All lines from the one that contains "1911 (4 Mar.)" through the close of the entries below are to be repeated exactly, without any pictures.
---------- Input ----------
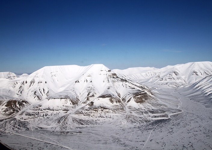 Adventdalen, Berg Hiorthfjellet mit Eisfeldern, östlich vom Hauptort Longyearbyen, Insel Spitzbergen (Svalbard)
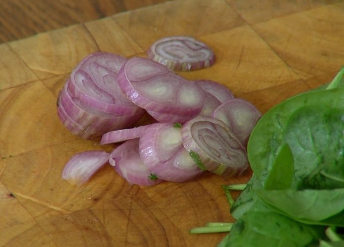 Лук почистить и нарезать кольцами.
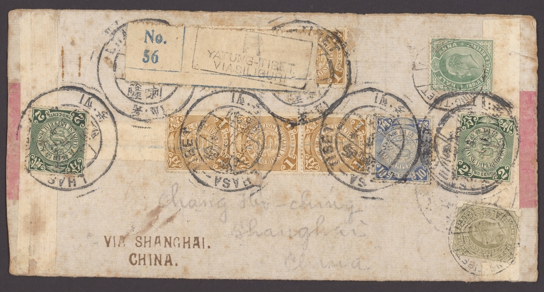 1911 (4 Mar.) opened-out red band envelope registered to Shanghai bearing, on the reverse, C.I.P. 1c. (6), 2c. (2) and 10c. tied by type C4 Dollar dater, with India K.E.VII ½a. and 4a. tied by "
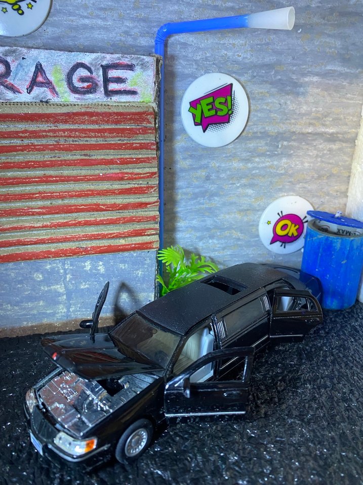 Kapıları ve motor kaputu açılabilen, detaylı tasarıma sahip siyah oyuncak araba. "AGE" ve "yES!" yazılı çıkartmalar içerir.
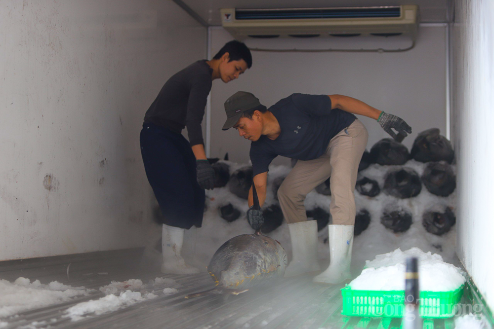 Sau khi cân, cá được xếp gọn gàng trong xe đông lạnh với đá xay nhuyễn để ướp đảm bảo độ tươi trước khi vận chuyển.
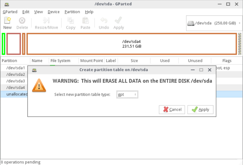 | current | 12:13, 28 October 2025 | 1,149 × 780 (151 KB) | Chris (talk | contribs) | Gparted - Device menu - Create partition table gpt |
----------
Solution to this problem:
 1911 (4 Mar.) opened-out red band envelope registered to Shanghai bearing, on the reverse, C.I.P. 1c. (6), 2c. (2) and 10c. tied by type C4 Dollar dater, with India K.E.VII ½a. and 4a. tied by "
 Kapıları ve motor kaputu açılabilen, detaylı tasarıma sahip siyah oyuncak araba. "AGE" ve "yES!" yazılı çıkartmalar içerir.
 Sau khi cân, cá được xếp gọn gàng trong xe đông lạnh với đá xay nhuyễn để ướp đảm bảo độ tươi trước khi vận chuyển.
 | current | 12:13, 28 October 2025 | 1,149 × 780 (151 KB) | Chris (talk | contribs) | Gparted - Device menu - Create partition table gpt |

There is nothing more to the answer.